Certains professeurs disent aussi : « Je n’ai pas été formé(e) pour ça. »[22] Ce ça n’est pas sans lien avec celui dont parle Lacan dans une phrase de « Télévision »[23] où il évoque ce réel en jeu propre à chacun, cette part de hors sens liée au désordre pulsionnel. Ce ça qualifie souvent ce qui se dit de la violence des jeunes dans certains établissements, les disparités linguistiques auxquelles ils sont confrontés : les ravages du retour du religieux mais aussi la télévision, les jeux électroniques qui les isolent. Ces enfants sont comme désaccompagnés de la présence de l’Autre, et du fait de leur précarité symbolique, sont les plus exposés à se retrouver seuls face à ce réel propre à chacun que Lacan, grâce à Freud, a fait valoir comme ce ça. Ce ça, c’est ce désordre pulsionnel, où la pulsion de mort semble de plus en plus déborder les sujets au point de les produire comme sans limites, sans bords, sans Autre. Ils usent alors d’une langue qui ne s’articule plus à l’Autre, qui ne les aide pas à prendre place dans les lieux de l’école.

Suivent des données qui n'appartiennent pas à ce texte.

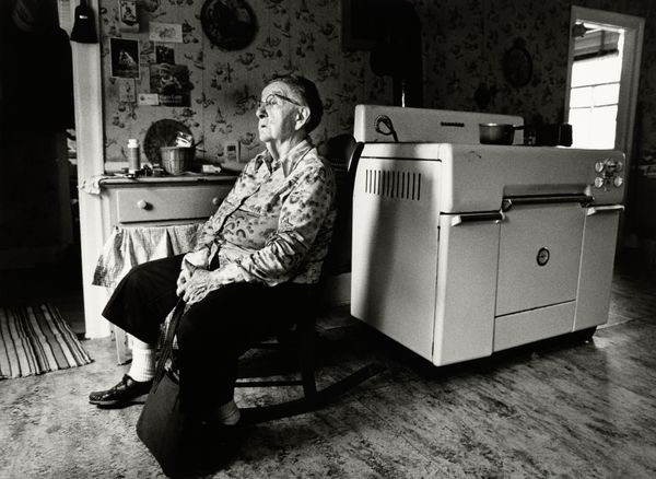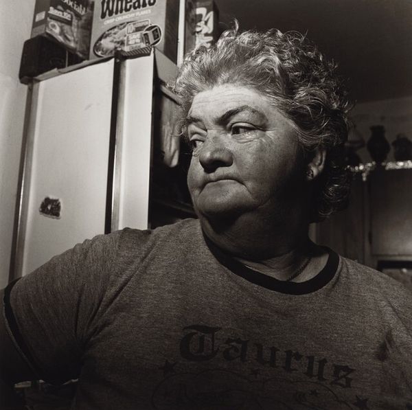 Larry Fink made this photograph, Jean Sabatine, Christmas, Martins Creek, Pennsylvania, at an unknown date. You know, it's funny how black and white can sometimes feel like the realest thing. Look at the way the light catches on Jean’s face, highlighting every line and curve, while the dense, patterned wallpaper threatens to swallow her whole. The surface is incredibly rich, and grainy – it’s a visceral texture that reminds me of old movies and forgotten family albums. It's not just a picture, it's a record of a moment, of a life lived. See how the black of her dress spills out into the black of the sofa next to her, making the subject almost blend into her surroundings. This is the moment where it becomes clear to me that photography is also about the embrace of ambiguity. You never really know the whole story, do you? Think of Diane Arbus and her portraits of everyday people, finding the extraordinary in the ordinary, but with a touch of humor.

Comment comprendre les comportements des adolescents ?


Telle est la question que me posent souvent les professeurs que je rencontre [24] . Freud, dès 1914, dit que pour bien saisir le comportement du lycéen, il faut s’interroger sur ce qui s’est passé pour lui dans « la chambre des enfants et dans la maison familiale ». Ce sont les lieux où l’enfant se construit avec ce qu’il y a de plus intime et singulier pour lui. Le moment de la rencontre avec les premiers objets d’amour et d’identification est le lien fondamental de son existence. Freud précise ce n’est pas pour autant qu’« on ne saurait l’excuser non plus »[25] , il a sa part de responsabilité.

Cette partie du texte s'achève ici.